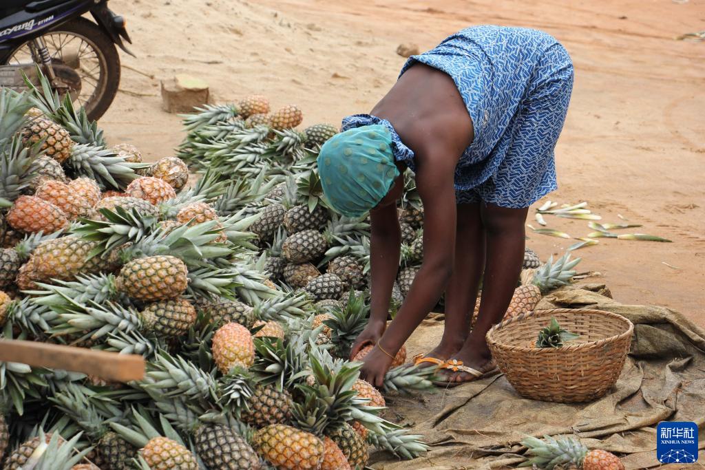 10月23日,一名女孩在貝寧“甜麵包”菠蘿主産區阿拉達的一處收購點擺放菠蘿。
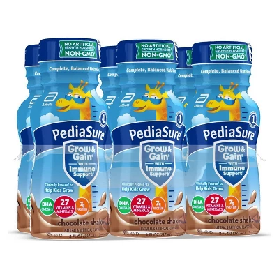 PediaSure Grow & Gain with Immune Support* kids nutritional shakes are clinically proven† to help kids grow. Each shake has 7 key nutrients for immune support,* 27 essential vitamins and minerals, 7g of protein to help build muscles, and 32mg of DHA omega-3 for brain & eye development. PediaSure Grow & Gain is non-GMO,‡ gluten-free, has no artificial growth hormones,§ and is suitable for lactose intolerance. It’s great for breakfast, in a lunch box, and as a snack. From the #1 pediatrician recommended brand. Not for children with galactosemia. * Nutrients include protein, vitamins A & D, zinc, and antioxidants (vitamins C & E and selenium). † Studied in children at risk for malnutrition. ‡ Ingredients not genetically engineered. § No significant difference has been shown between milk derived from rbST-treated and non-rbST-treated cows. ‖In children ages 3-4 at nutritional risk (5th-25th weight-for-height percentiles), when given 2 servings per day and dietary counseling.
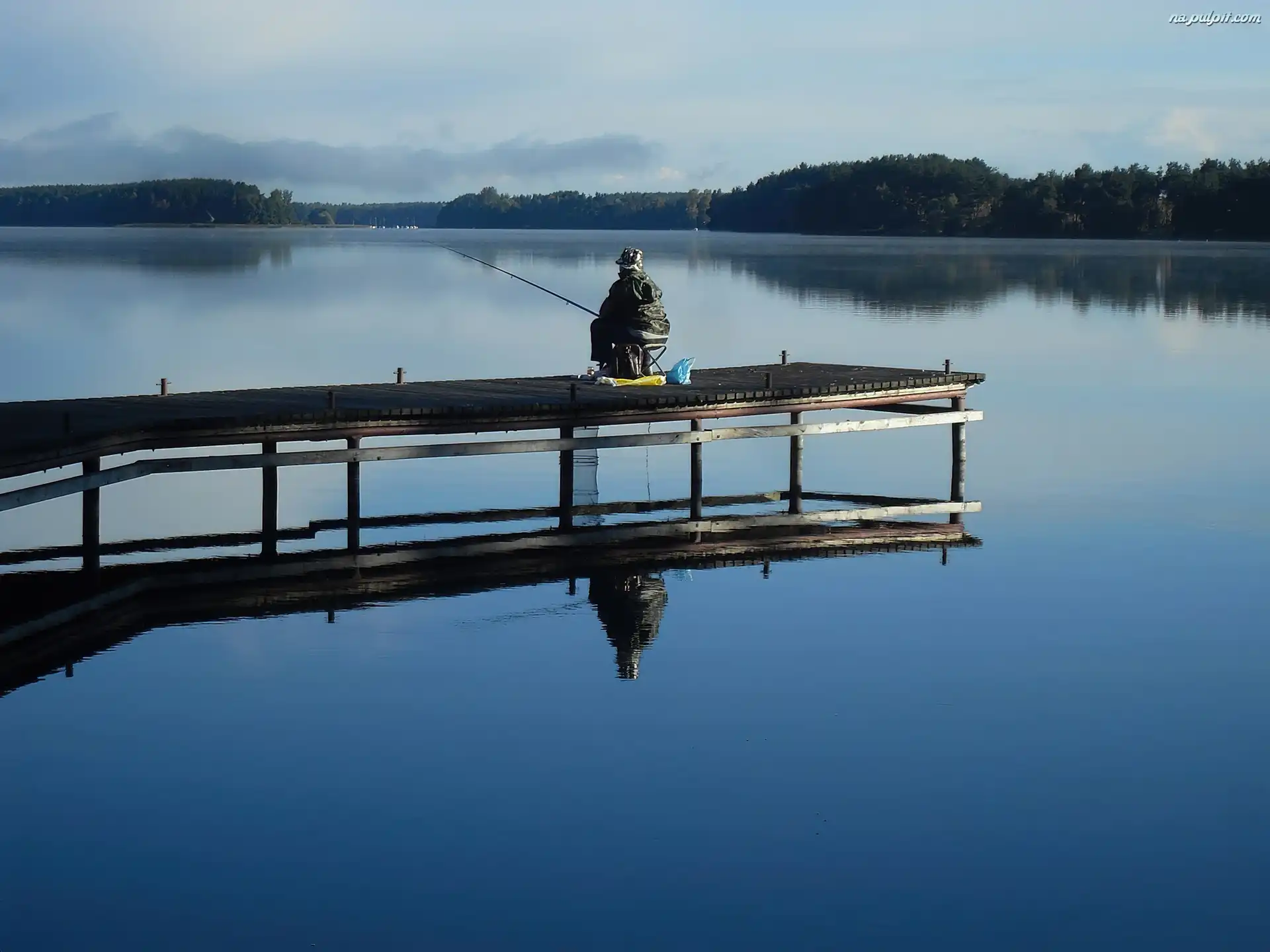 Las, Pomost, Jezioro, Wędkarz, Mgła
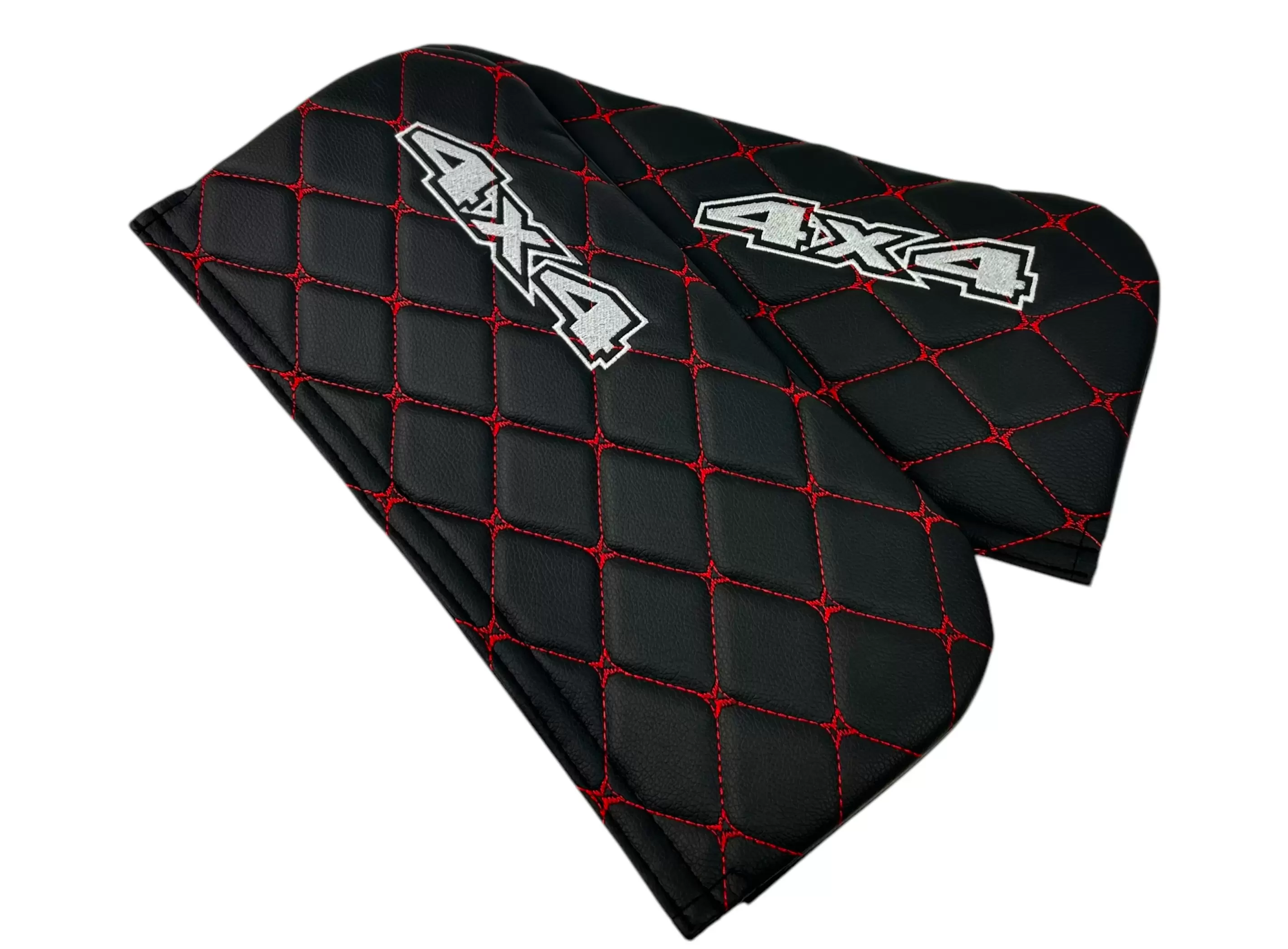Чехлы на козырьки УАЗ 469 Хантер, 452 Буханка с лого 4х4, черный ромб красная нить
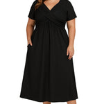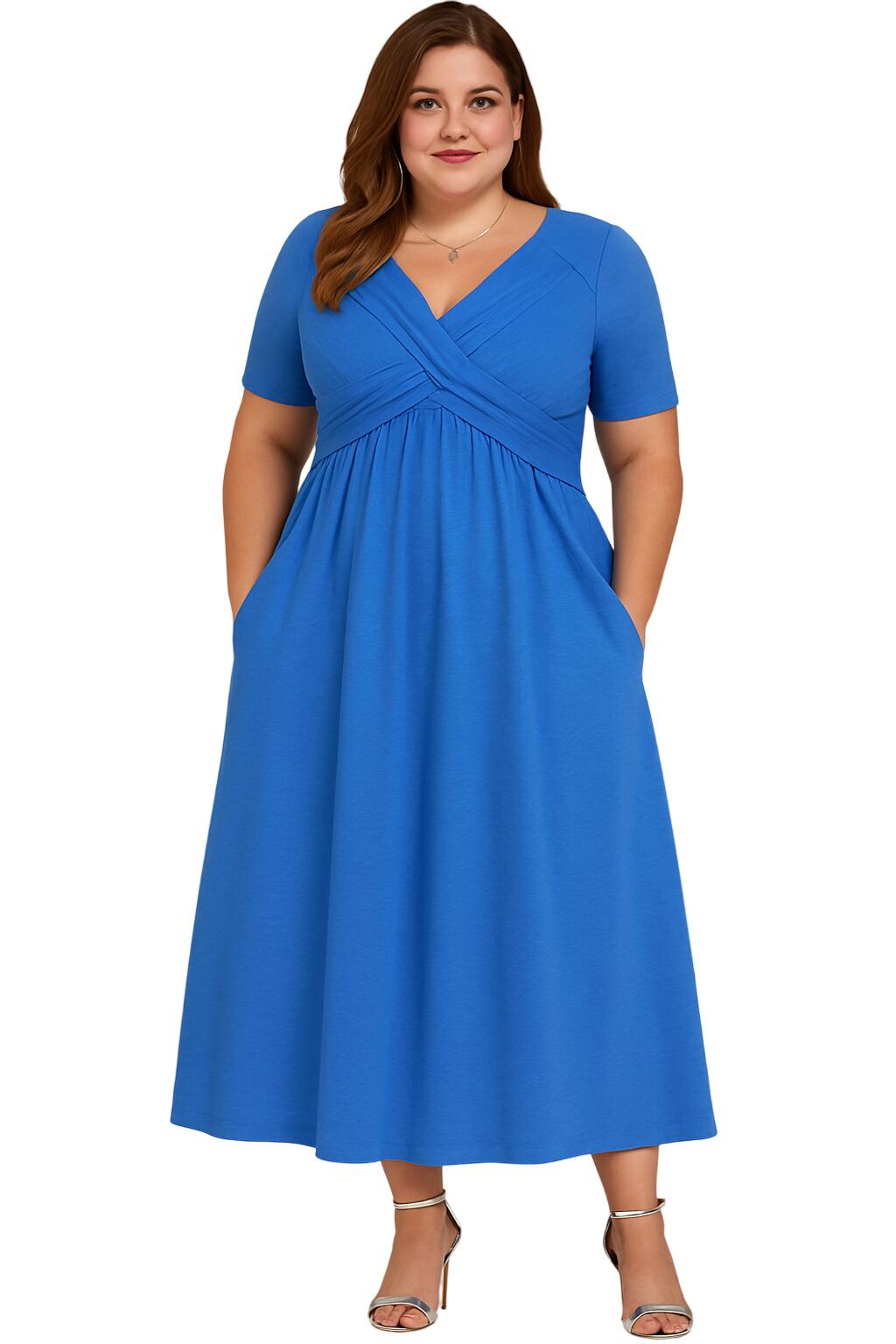 מילאנו | שמלת מידי עם צווארון V מקופלת עם שליטת בטן
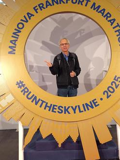 Horst Kowarsch nahm zum achten Mal am 42. Frankfurt-Marathon teil und benötigte für die Strecke von 42,195 Kilometern 4 Stunden und 23 Sekunden.
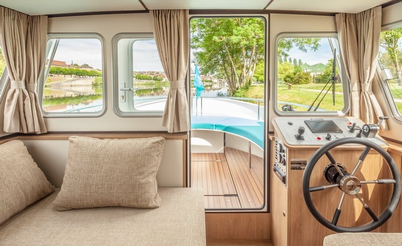 Zowel de voortstuwingsmotor als de boeg- en hekschroefmotoren worden bediend door één enkele, logische joystick, die het vermogen van de drie motoren op basis van de gewenste vaarrichting en manoeuvre automatisch, proportioneel aanstuurt. De boot maakt exact die bewegingen die u met uw hand maakt met de joystick, of dit nu recht vooruit is, recht achteruit, dwars of schuin naar voren of dwars of schuin naar achteren. Een onervaren schipper kan gemakkelijk varen, aanleggen en sluismanoeuvres uitvoeren met behulp van de ‘slimme’ joystick. De boot is uiteraard ook handmatig te besturen door middel van het stuurwiel, de elektrische handle voor vooruit/achteruit/gas en 2 joysticks voor het bedienen van boeg- en hekschroef.

========

=== Exercise brief ===
Restate, word for word, each line from the one with "מילאנו | שמלת" to the end of the entries, both included, and keep every picture out.

=== Response box ===
 מילאנו | שמלת מידי עם צווארון V מקופלת עם שליטת בטן
 Horst Kowarsch nahm zum achten Mal am 42. Frankfurt-Marathon teil und benötigte für die Strecke von 42,195 Kilometern 4 Stunden und 23 Sekunden.
 Zowel de voortstuwingsmotor als de boeg- en hekschroefmotoren worden bediend door één enkele, logische joystick, die het vermogen van de drie motoren op basis van de gewenste vaarrichting en manoeuvre automatisch, proportioneel aanstuurt. De boot maakt exact die bewegingen die u met uw hand maakt met de joystick, of dit nu recht vooruit is, recht achteruit, dwars of schuin naar voren of dwars of schuin naar achteren. Een onervaren schipper kan gemakkelijk varen, aanleggen en sluismanoeuvres uitvoeren met behulp van de ‘slimme’ joystick. De boot is uiteraard ook handmatig te besturen door middel van het stuurwiel, de elektrische handle voor vooruit/achteruit/gas en 2 joysticks voor het bedienen van boeg- en hekschroef.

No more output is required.